PROBLEM DETAILS
In the listing beneath this line, copy exactly the lines starting with the one containing "Iulii Perticarii Captivus" and going on through the one containing "The pattern is".

MATERIALS PROVIDED
________
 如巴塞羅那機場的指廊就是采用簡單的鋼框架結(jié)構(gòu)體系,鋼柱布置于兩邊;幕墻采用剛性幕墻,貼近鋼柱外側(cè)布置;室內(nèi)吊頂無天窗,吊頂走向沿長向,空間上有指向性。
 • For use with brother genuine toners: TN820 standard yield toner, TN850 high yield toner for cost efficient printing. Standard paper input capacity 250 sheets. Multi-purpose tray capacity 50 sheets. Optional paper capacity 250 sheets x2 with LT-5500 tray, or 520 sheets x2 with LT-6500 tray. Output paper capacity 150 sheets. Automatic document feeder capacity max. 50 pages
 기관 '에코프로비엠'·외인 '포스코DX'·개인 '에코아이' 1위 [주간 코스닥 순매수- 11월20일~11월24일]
________
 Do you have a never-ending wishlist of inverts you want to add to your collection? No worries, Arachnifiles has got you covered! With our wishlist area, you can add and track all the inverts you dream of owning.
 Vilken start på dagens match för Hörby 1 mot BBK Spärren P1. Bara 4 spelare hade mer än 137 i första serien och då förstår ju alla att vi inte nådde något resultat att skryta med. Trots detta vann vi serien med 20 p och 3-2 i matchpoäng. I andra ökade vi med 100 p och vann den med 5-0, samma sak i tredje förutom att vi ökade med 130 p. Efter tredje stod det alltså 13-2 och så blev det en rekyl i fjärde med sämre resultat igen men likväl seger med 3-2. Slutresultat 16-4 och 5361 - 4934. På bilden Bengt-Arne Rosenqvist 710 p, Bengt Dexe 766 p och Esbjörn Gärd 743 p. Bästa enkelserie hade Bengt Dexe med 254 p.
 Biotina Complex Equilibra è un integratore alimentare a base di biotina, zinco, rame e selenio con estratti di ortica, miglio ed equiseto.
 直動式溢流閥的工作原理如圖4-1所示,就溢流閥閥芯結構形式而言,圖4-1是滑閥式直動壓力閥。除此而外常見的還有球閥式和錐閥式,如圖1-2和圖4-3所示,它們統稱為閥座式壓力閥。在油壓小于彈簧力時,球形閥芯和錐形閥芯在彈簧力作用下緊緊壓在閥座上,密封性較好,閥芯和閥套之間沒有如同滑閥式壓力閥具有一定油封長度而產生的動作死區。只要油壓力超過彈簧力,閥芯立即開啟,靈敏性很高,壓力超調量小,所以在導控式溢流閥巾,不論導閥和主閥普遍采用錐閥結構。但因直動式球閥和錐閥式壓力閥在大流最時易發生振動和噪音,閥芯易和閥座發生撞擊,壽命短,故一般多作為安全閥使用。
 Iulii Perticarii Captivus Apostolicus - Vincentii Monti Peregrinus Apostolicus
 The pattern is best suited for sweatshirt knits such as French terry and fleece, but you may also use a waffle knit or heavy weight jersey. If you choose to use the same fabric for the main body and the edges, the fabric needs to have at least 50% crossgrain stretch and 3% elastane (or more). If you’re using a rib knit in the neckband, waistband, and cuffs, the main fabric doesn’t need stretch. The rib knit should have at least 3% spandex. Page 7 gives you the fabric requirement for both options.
________
THE ANSWER
 Iulii Perticarii Captivus Apostolicus - Vincentii Monti Peregrinus Apostolicus
 The pattern is best suited for sweatshirt knits such as French terry and fleece, but you may also use a waffle knit or heavy weight jersey. If you choose to use the same fabric for the main body and the edges, the fabric needs to have at least 50% crossgrain stretch and 3% elastane (or more). If you’re using a rib knit in the neckband, waistband, and cuffs, the main fabric doesn’t need stretch. The rib knit should have at least 3% spandex. Page 7 gives you the fabric requirement for both options.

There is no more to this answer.